Comparison of annual infiltration depth between annual
crop and forage simulations for the La Salle River subbasin (LS-05OG008).
Error bars indicate the 95 % confidence interval of the forage simulation
ensemble. The years 1997–2001, 2004, and 2008 were not used for model
assessment due to missing data or equipment malfunctions.
The higher soil moisture depth resulted in increased annual actual ET depths
in the forage model when compared with the annual crop model across all years
(Fig. 9). Actual ET depths from the annual crop simulation were lower than
forage simulations in all years, indicating the sustained increase in water
demand of the forage simulation across variable weather conditions and the
longer growth and photosynthesis period for forage compared with the
annual crop. On average, ET increased by 34.5 ± 0.9 % (94.1 ± 2.5 mm) over the assessed period due to the conversion from annual crops to
perennial forage.
The sensitivity analysis indicated that cumulative discharge, peak
discharge, runoff, infiltration, SWE, and ET respond differently to the
change in stomatal resistance between 25 and 100 s m-1 (Fig. 10).

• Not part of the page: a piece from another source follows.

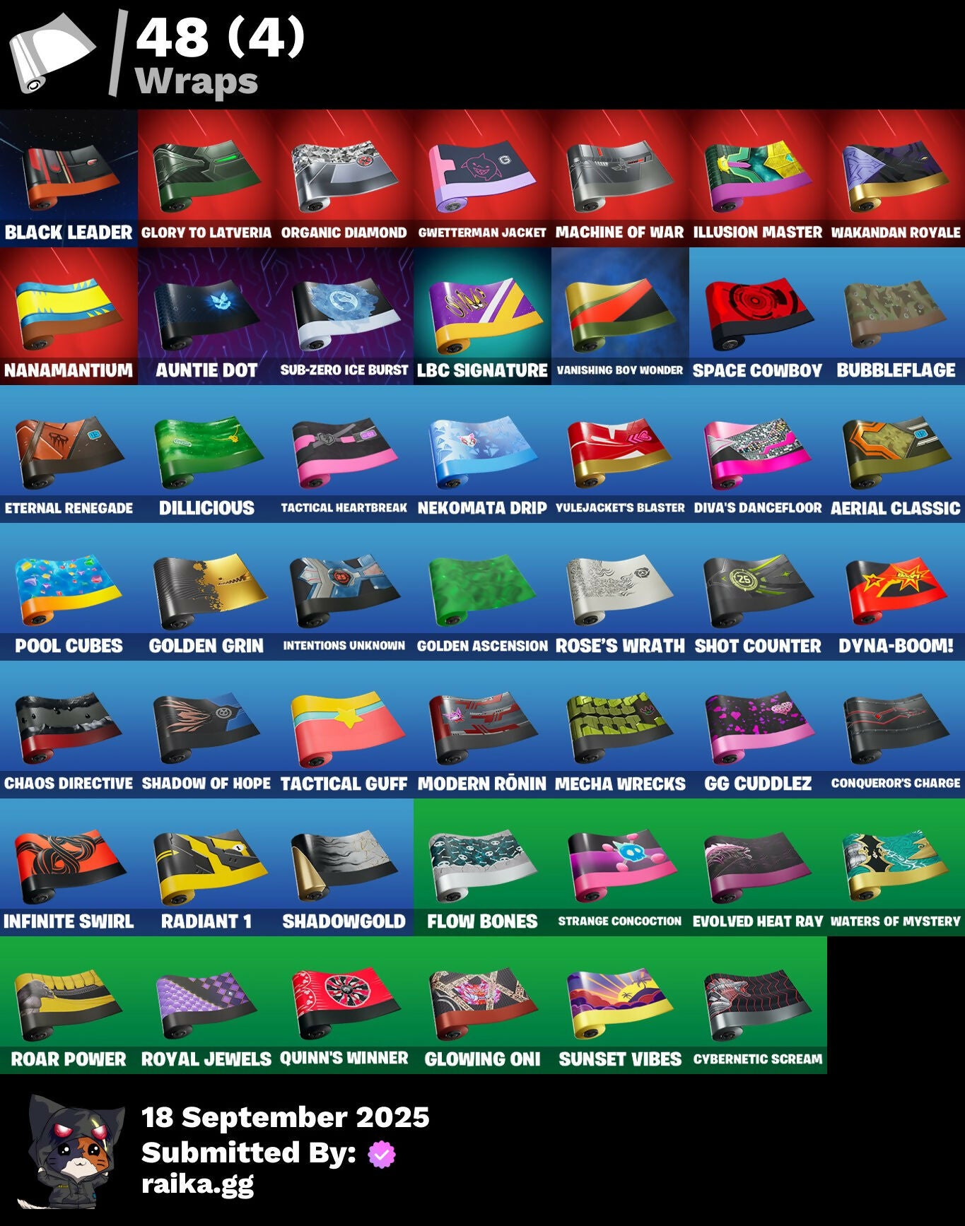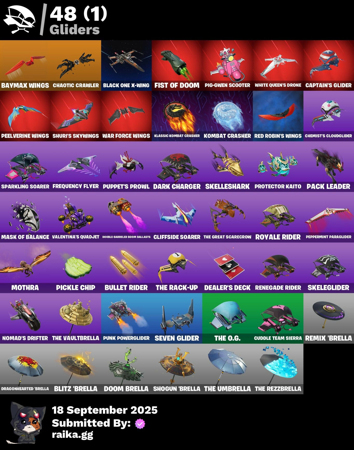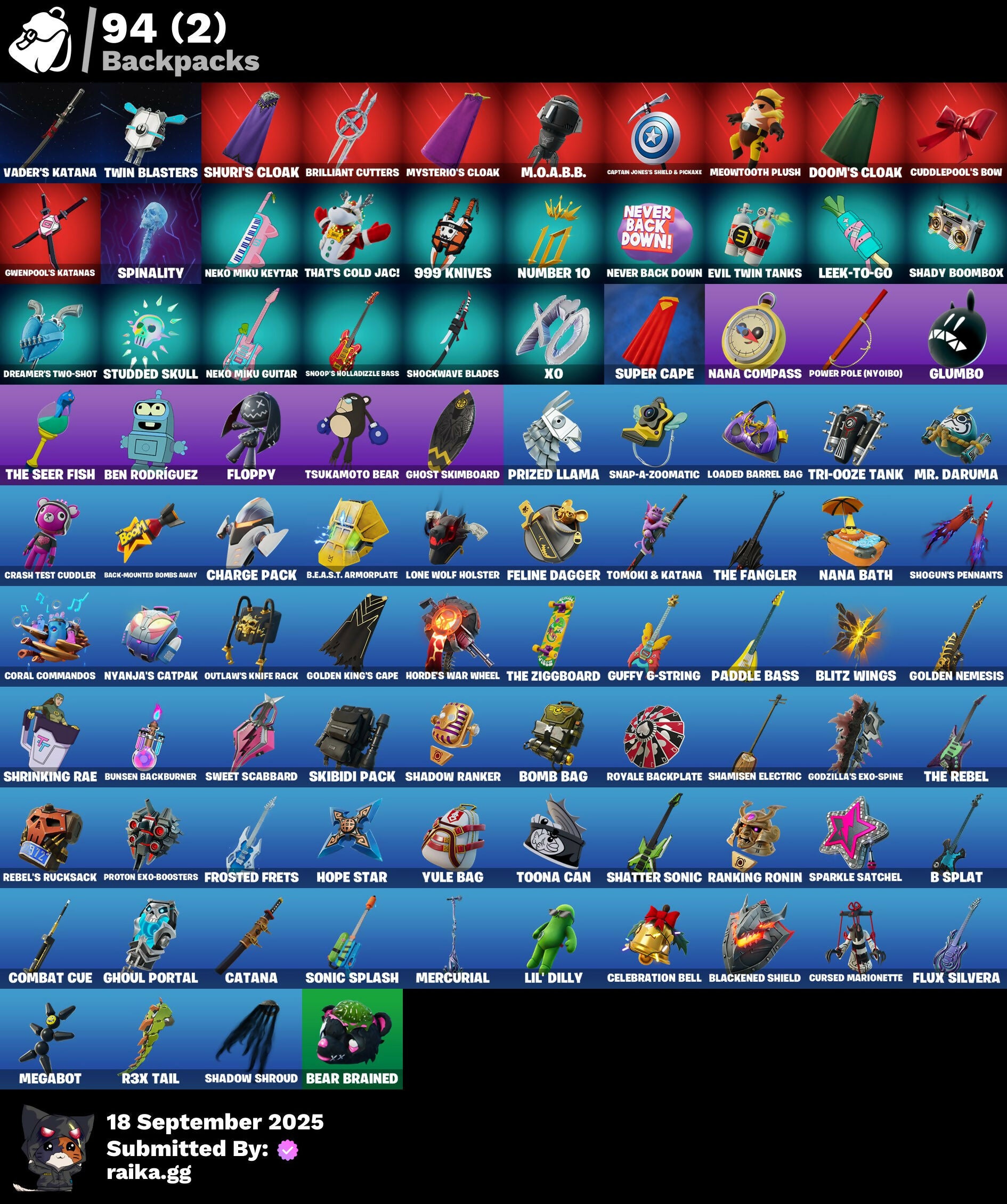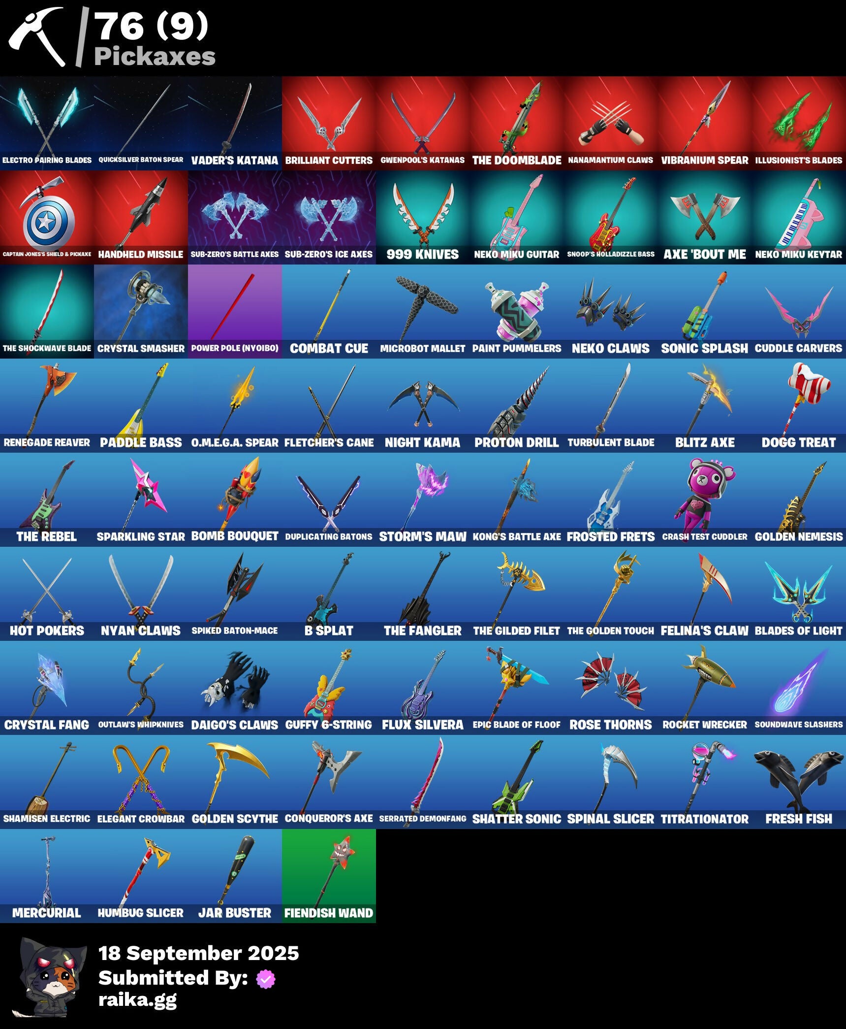 (Snikt!), 1-Ball, 999 Knives, Aang's Air Sphere, Aces Wild Card, Adventure Peely, Aerial Assault Bomber, Aerial Assault Captain, Aerial Assault Trooper, Aerial Classic, Aerial Swagger, Appeeling Drive, Ascendant Midas, Auntie Dot, Aura, Axe 'Bout Me, Axo's Big Moment, Azuki, B Splat, B.E.A.S.T. Armorplate, B.E.A.S.T. Glove, Babygirl!!!, Back-Mounted Bombs Away, Backlash, Baron's Hoard, Battle Blessing, Baymax Wings, Bear Brained, Bear Hug, Beerus, Ben Rodriguez, Bender Bending Rodriguez, Bi-Han, Big Dill, Bird Call, Birthday Bud, Black Leader, Black One X-Wing, Black Panther (Shuri), Blackened Shield, Blades of Light, Blitz 'Brella, Blitz Axe, Blitz Wings, Bomb Bag, Bomb Bouquet, Boogie Down, Brilliant Cutters, Brite Hatsune Miku, Bubbleflage, Bullet Rider, Bunsen Backburner, CTL, Camo War Machine, Cap Attack, Captain Jones, Captain Jones's Shield & Pickaxe, Captain Llamerica, Captain's Glider, Cassidy Quinn, Catana, Cauldron Chill, Celebration Bell, Chalked Up 1-Ball, Champion Stash'D, Chaos Directive, Chaos Director, Chaotic Crawler, Charge Pack, Chemist's Cloudglider, Choose Naughty, Chord Kahele, Cliffside Soarer, Color Splash Jellie, Combat Cue, Come Get Me!, Conqueror's Axe, Conqueror's Charge, Conqueror's Claim, Conqueror's Stare, Controlled Chaos, Coral Commandos, Crash Test Cuddler, Crashed Chiller, Crashed Shield, Cross Grand Entrance, Crowning Achievement, Crystal, Crystal Fang, Crystal Smasher, Cuddle Carvers, Cuddle Team Sierra, Cuddle Team Specialist, Cuddle's Garden, Cuddlepool, Cuddlepool's Bow, Cursed Marionette, Cybernetic Scream, Da Bomb, Daigo, Daigo's Claws, Dancefloor Diva, Dark Charger, Dark Gwenpool, Darth Vader Samurai, Dealer's Deck, Demon Hunter Hope, Determined Kendo, Digital Dream, Dillicious, Dillinger The Gherk, Diva Fever, Diva's Dancefloor, Diva's Grin, Dogg Treat, Doom, Doom Brella, Doom's Cloak, Double-Barreled Boom Ballasts, Dough On The Go, Doughberman, Dragonhearted 'Brella, Dreamer's Two-Shot, Duelist's Card Trick, Dupli-Kate, Duplicating Batons, Duplikates, Dyna-Boom!, Dynamic Tntina, Dynamo, Dynamo Tntina, Electro Pairing Blades, Elegant Crowbar, Emma Frost, Emma's Influence, Energized Godzilla, Epic Blade of Floof, Eternal Renegade, Evil Twin Tanks, Evolved Heat Ray, Eyes Of The Cuddle Team, Felina, Felina's Claw, Feline Dagger, Fiendish Wand, Fireworks Salvo, Fist Bump, Fist Of Doom, Fletcher Kane, Fletcher's Cane, Floppy, Flow Bones, Flux Silvera, Frequency Flyer, Fresh Fish, Front Page Pose, Frosted Frets, Frozen Treat Cart, Frozone's Stunt, Full Moon Fletcher Kane, Fusion! Hah!!, Get Griddy, Gg Cuddlez, Ghost Skimboard, Ghoul Portal, Ghoul Trooper, Glory To Latveria, Glowing Oni, Glumbo, Godzilla Awaits, Godzilla Evolved, Godzilla's Exo-Spine, Golden Ascension, Golden Conqueror, Golden Ghoul, Golden Grin, Golden King's Cape, Golden Nemesis, Golden Scythe, Golden Wolf, Grimey, Groovy!, Guardian Jade, Guffmas Tree, Guffy 6-String, Gunslinger Outlaw Midas, Gwen-Step, Gwenpool, Gwenpool's Glee, Gwenpool's Katanas, Gwetterman Jacket, Handheld Missile, Heart Chopper, Heavy Metal Omega, Hellfire Dance, Hero Baymax, Heroic Baymax, Hope Star, Horde's War Wheel, Hot 'n Sour, Hot Pokers, Howlin', Humbug Slicer, Hype!, Illusion Master, Illusionist's Blades, Incoming Illusion, Infinite Swirl, Intentions Unknown, Invisible Cut, Iron Man, It's Chemistry!, It's Miku!, Jabba Switchway, Jade, Jade's Curse, Jar Buster, Jet Signals, Joss, Joss' Chaos, Juice Wrld, Ka Boom!, Ka-Choohm!, Keisha Cross, Kendo, King Of The Outlaws, Kintsugi Daigo, Klassic Kombat Crasher, Knight Conqueror, Kombat Crasher, Kong, Kong's Battle Axe, Laughing Skull, Lbc Signature, Leek-To-Go, Lil' Dilly, Lil' Godzilla Attack, Lil' Tank, Lionel Messi, Loaded Barrel Bag, Lone Wolf Holster, Lucky Nyanja, M.O.A.B.B., Ma-Ya-Hi, Machine Of War, Marshinobi, Marshmello, Mask Of Balance, Maximum Bounce, Mecha Wrecks, Mechagodzilla, Megabot, Melty Team Leader, Meowdas, Meowdas Mark, Meowtooth Plush, Mercurial, Microbot Mallet, Midnight Skye, Midsummer Midas, Miku Live, Modern Rōnin, Mothra, Mr. Daruma, Mysterio, Mysterio's Cloak, Mysterio's Magic Trick, Nana Bath, Nana Compass, Nanamantium, Nanamantium Claws, Neko Claws, Neko Hatsune Miku, Neko Miku Guitar, Neko Miku Keytar, Nekomata Drip, Never Back Down, Never Yield, Nick Eh 30, Night Kama, Nightmare, Nighty Knight, Nitehare, Nomad's Drifter, Number 10, Number One, Nyan Claws, Nyanja, Nyanja's Catpak, O.M.E.G.A. Spear, Ones N Twos, Organic Diamond, Outlaw Midas, Outlaw's Knife Rack, Outlaw's Mugshot, Outlaw's Strut, Outlaw's Whipknives, Outta My Skull, Pack Leader, Paddle Bass, Paint Pummellers, Party Beats, Party Hips, Peel Out, Peelverine, Peelverine Classic, Peelverine Wings, Peelverine's Attack, Peely Bone, Peppermint Paraglider, Phthalo Blue Joss, Pickle Chip, Piercing Ace, Pig-Gwen Scooter, Plungerman, Polar Team Specialist, Pool Cubes, Popular Vibe, Power Pole (Nyoibo), Prized Llama, Protector Kaito, Proton Drill, Proton Exo-Boosters, Punk Powerglider, Puppet Dance, Puppet's Prowl, Purr-Demonium, Quicksilver Baton Spear, Quinn's Winner, R3X Tail, Racer Kendo, Radiant 1, Ranking Ronin, Rap Boy Reloaded, Raven's Legion, Ready. Set. Nyanja., Rebel Bubble, Rebel's Rucksack, Red Robin's Wings, Remix 'Brella, Renegade Racer, Renegade Raider, Renegade Reaver, Renegade Rebel, Renegade Rider, Renzo The Champion, Restored Night Rose, Rhythm Of Chaos, Rise & Brine, Roar Power, Rocket Wrecker, Rose Thorns, Rose's Wrath, Royal Jewels, Royale Backplate, Royale Rider, Samurai Baymax, Santa Dogg, Scootin' Circles, Serrated Demonfang, Seven Glider, Shadow Blade Hope, Shadow Meowdas, Shadow Of Hope, Shadow Ranker, Shadow Shroud, Shadowgold, Shadowstruck Director, Shady Boombox, Shamisen Electric, Shamisen-Sational, Shatter Sonic, Shockwave Blades, Shogun 'Brella, Shogun X, Shogun's Pennants, Shot Counter, Show 'Em Off, Shrinking Rae, Shuri, Shuri's Cloak, Shuri's Skywings, Shuri's Slashmark, Six String Sniper, Skatemonster, Skele-Dance, Skeleglider, Skelles

Among the key hydrological processes, cumulative discharge and cumulative ET
were most sensitive to the changes in stomatal resistance, whereas SWE was
insensitive to changes in this parameter. Annual cumulative discharge, peak
discharge, and cumulative runoff decreased by 26.9 %, 3.0 %, and 0.5 %, respectively, as the stomatal resistance value decreased from 50 to 25 s m-1. Cumulative
infiltration and cumulative ET increased by 4.0 % and 17.5 %, respectively, under the
same change in stomatal resistance. In comparison, an increase in cumulative
discharge, peak discharge, and cumulative runoff as well as a decrease in
cumulative infiltration and cumulative ET were observed when increasing
stomatal resistance from 50 to 75 and 100 s m-1. When increasing
stomatal resistance to 75 and 100 s m-1, cumulative discharge increased
by 38.0 % and 59.1 %, peak discharge increased by 7.1 % and 10.4 %,
cumulative runoff increased by 4.6 % and 9.9 %, cumulative infiltration
decreased by 8.1 % and 16.9 %, and cumulative ET decreased by 19.2 %
and 32.9 %, respectively.
Comparison of soil moisture storage between annual crop
model and forage simulations for the La Salle River subbasin (LS-05OG008).

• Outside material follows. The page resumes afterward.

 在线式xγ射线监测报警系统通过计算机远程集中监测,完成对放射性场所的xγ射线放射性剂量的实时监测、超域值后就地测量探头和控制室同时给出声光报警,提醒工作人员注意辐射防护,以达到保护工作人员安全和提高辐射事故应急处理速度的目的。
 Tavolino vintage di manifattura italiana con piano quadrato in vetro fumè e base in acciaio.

The shaded area indicates the 95 % confidence interval of the forage model
ensemble. The years 1997–2001, 2004, and 2008 were not used for model
assessment due to missing data or equipment malfunctions.
Discussion
During the study period, surface runoff under annual cropland contributed
72.2 % of the stream discharge, which is consistent with previous studies
performed in this region (Dibike et al., 2012; Tiessen et al., 2010).

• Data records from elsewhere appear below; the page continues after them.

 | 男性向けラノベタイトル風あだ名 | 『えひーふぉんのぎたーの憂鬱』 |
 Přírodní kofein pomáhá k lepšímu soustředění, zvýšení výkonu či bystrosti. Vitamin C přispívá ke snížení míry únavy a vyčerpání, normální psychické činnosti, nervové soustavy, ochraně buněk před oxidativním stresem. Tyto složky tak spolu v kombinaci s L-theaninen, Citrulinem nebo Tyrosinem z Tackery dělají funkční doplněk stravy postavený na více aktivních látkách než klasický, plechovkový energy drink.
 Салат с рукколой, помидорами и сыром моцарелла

Under the perennial forage scenario, this contribution was decreased to
54.4 %. This reduction in surface runoff, combined with an increase in
evapotranspiration, resulted in reduced annual discharge from perennial
forage being simulated by CRHM at the basin scale, which agrees with hydrological
observations at the field scale in the Canadian Prairies (van der Kamp et al.,
2003). Reduced overland flow in perennial forage is primarily caused by
enhanced infiltration (Rachman et al., 2004; Self-Davis et al., 2003;
Tricker, 1981). By measuring infiltration to fine loamy soils during
snowmelt in Saskatchewan using single-ring infiltrometers, van der Kamp et al. (2003) found that the infiltrability of frozen soil was much higher
in grasslands than in cultivated fields. Their results at most of the
infiltration test locations showed that the frozen soil in the grassed areas
had an infiltration rate in excess of the typical snowmelt rates (i.e., ≤10 mm h-1), whereas all of the infiltration tests on frozen soil in
cultivated fields indicated an infiltrability that was considerably less than the
typical snowmelt rate. Enhanced infiltrability in perennial forage was
attributed to the development of macropores, such as root holes, desiccation
cracks, and animal burrows (van der Kamp et al., 2003). The results
demonstrated that the model simulations presented here were able to capture
the increased infiltration in frozen soils due to macropore formation under
forage.
The higher soil moisture content for perennial forage in some years (i.e.,
1994–1996, 2002–2006, and 2011) is contrary to the trends reported by field
investigations in the Canadian Prairies (Christie et al., 1985; van der Kamp
et al., 2003), where grasses had lower soil moisture than cultivated fields.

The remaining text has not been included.